I’m thankful myself for having the opportunity to work with so many good people on this project, and look forward to getting to work on implementations, and to continuing the conversations that have started to make the most of library resources and services.

A break, and coming attractions

I’m about to head off to the wilds (okay, the farms) of Saskatchewan to relax with family on a much-welcomed break. I’ve got to the point in packing where we’re trying to figure out which books to bring. (Which involves some careful selection to narrow it down to the number of books we can bring on the ever-more-limited-space airlines without excess baggage problems.)

I leave the ILS-Discovery Interface work in good hands, and there should be good news shortly (hopefully, quite shortly, and well before I return) for folks who are interested in this initiative. I’ll have more to say on what comes next after I get back.
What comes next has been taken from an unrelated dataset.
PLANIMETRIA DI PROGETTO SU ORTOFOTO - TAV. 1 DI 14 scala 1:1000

Also after I come back, a couple of weeks from now, I’ll be picking up on the repositories series I started last month, with a review of the what-why-who-and-where of the various kinds of repositories that libraries may find of use.

Online book fans may also be interested in following a debate going on now about ebook publishing, business models, and piracy. Author David Pogue had a Times Blog post a couple of weeks ago giving his reasons for not issuing electronic editions of his titles, that drew a long set of reader comments. Now Adam Engst has posted an interesting and detailed rebuttal, where he describes his own sales successes with his ebooks (piracy notwithstanding).
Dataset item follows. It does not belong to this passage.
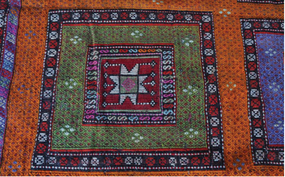
Fotoğraf 5. Sandıklı-kapılı Kilim bezeme detayı.

You might also enjoy “Reading sets you free”, an article posted about a month ago by K. G. Schneider (who I had the pleasure of meeting in person recently at a NISO discovery forum.) I was reminded of it again just now as I was trying to think of what books the kids might bring. As in the picture accompanying her article, both of them are very much read-under-the-covers kids at this point, as were both their parents. We’re all looking forward to spending a lot of time conversing with each other and with our books these next couple of weeks.

100 years of the first sale doctrine

On June 1, 1908, 100 years ago today, the US Supreme Court decided Bobbs-Merrill v. Straus, a case that established what would become known as the “first sale doctrine”. This doctrine, now codified as part of the US Copyright Act, says that in general the owners of books or other copyrighted works have the right to dispose of them as they see fit (such as by reselling them, giving them away, or lending them out). The copyright holder can still control the right to make copies, make public performances, or other derivative works. But once a reader has bought a book, they can pass it along as they see fit. (Or keep it, or fold it into little origami shapes for their own amusement. They own it, after all.)
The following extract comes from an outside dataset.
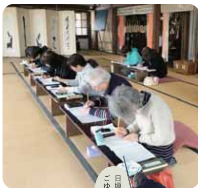
日頃の喧騒を離れ、こゆるりと

柳川藩初代藩主立花宗茂公の実父高橋紹運公の菩提寺「天叟寺」さん。紹運公は、戦国時代末期、大友と立花両家のため、筑前岩屋城で島津の大軍を相手に不屈の闘志で戦い、城兵共々玉砕した信義の闘将。立花家ゆかりの禅寺で坐禅をし、写経をしていただきます。そのあとは、お抹茶とお菓子をいただきます。心落ち着けるひと時をお過ごしください。*防寒着をお持ちください。 *坐禅時は、裸足になります。*ヘルトのない動きやすいズボン(スカート、ジーンズは不可)などでお越しください。

This right exists even in the presence of notices to the buyer that claim to conditionally license the work, rather than sell it. Indeed, those kinds of licenses, familiar now to most computer users, were also at issue in the Bobbs-Merrill case. (For historical background, including some examples of old-time “end user license agreements”, see a post of mine from a few months ago, “The right to read, circa 1906.”)

Despite attempts by many software, music, and ebook publishers to extend control over their products to their buyers, the first sale doctrine is still salient today. Just last month, for example, a federal judge cited the first sale doctrine to uphold the right of an eBay merchant to resell used software. An article in Ars Technica has a link to the decision, and an excellent explanation of the case and the importance of the principles it upholds. Ultimately, as the article points out, the first sale doctrine is what “makes libraries and used book stores possible” without needing the permission of publishers to exist or carry out their missions.

The free access to literature that libraries provide, and the freedom to provide access to literature that the first sale doctrine provides, promote the literacy and education of all our citizens. So this is an anniversary well worth remembering for its contribution to society. Happy First Sale Day!